Reputation: 58
I have a DataFrame as shown below. The Columns 0:00, 1:00.. till 24:00 represents the hours. How can I plot the hourly variation of both Items 'foo' and 'bar' for all the dates?
Date Item 0:00 1:00 2:00 3:00 4:00 5:00 6:00
1/1/2022 foo 2 3 4 1 5 1.5 2.5
1/2/2022 foo 1.5 1 3 2 2.5 6 4
1/3/2022 foo 1 2 3 1 2 5 4
1/4/2022 foo 2 1 3 4 1 2.4 3
1/1/2022 bar 3 1 0 1.5 5 1.5 2.5
1/2/2022 bar 2.5 4 3 1 2.5 0 1
1/3/2022 bar 1 2 1 1 2 1.5 4
1/4/2022 bar 2 1 3 2 1 2.5 3
I tried the following
g = sns.FacetGrid(df,row='Item',col='Date')

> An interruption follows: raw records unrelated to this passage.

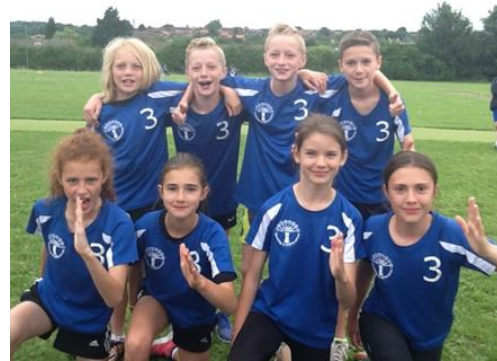
Year 6 Relay Team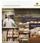
Food with thought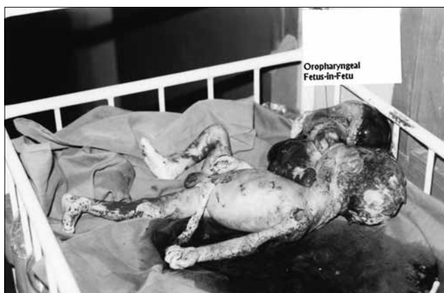
Figure 1: Oropharyngeal fetus-in fetu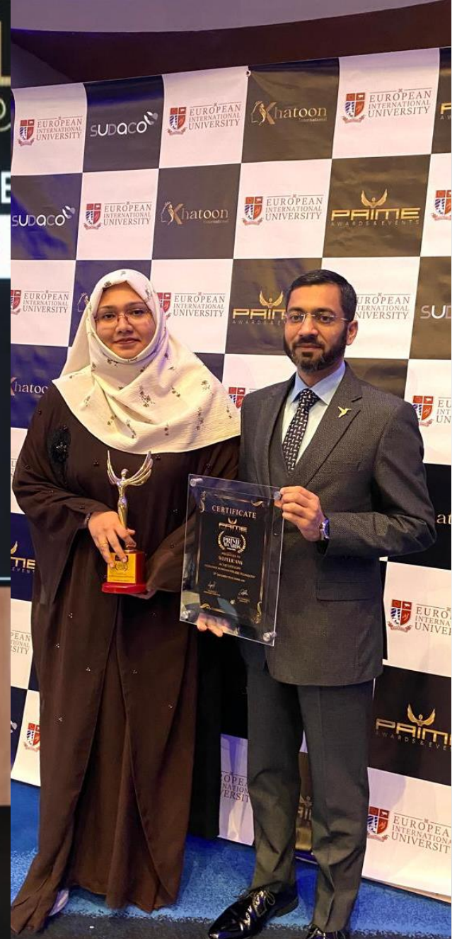
MD of WePelicans received International Prime Awards (Dec 2022)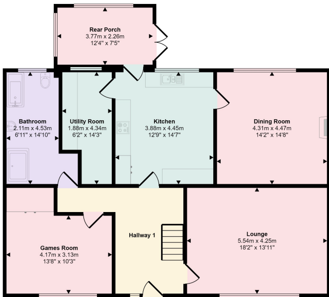
Ground Floor Approx 122 sq m / 1311 sq ft

Approx Gross Internal Area 182 sq m / 1955 sq ft

g.map(sns.#someplot,) # within map not sure what plot should I use and how to represent x axis as the columns
Upvotes: 2
Views: 447
Reputation: 16876
With R and ggplot2
, you have to pivot to long format for plotting.
library(tidyverse)
df %>%
pivot_longer(-c(Date, Item), names_to = "time", values_to = "value") %>%
mutate(time = ymd_hm(paste("0000-01-01",time, sep = " "))) %>%
ggplot(aes(x = time, y = value)) +
geom_line(aes(colour = Date)) +
scale_x_datetime( breaks=date_breaks("60 min"), labels = date_format("%H:%M")) +
theme(axis.text.x=element_text(size=8, angle = 90),
axis.text.y=element_text(size=8),
axis.title=element_text(size=10)) +
facet_grid(~Item, scale='free_x')
Another option if you want both series on the same plot.
library(tidyverse)
df %>%
pivot_longer(-c(Date, Item), names_to = "time", values_to = "value") %>%
mutate(Date = as.Date(Date, "%m/%d/%Y")) %>%
mutate(time = as.POSIXct(paste(ok$Date, ok$time), format="%Y-%m-%d %H:%M")) %>%
ggplot(aes(x = time, y = value, colour = Item, group = Item)) +
geom_line()
*Note: Since it is just a sample of the data, there are time gaps, hence the sharp angles.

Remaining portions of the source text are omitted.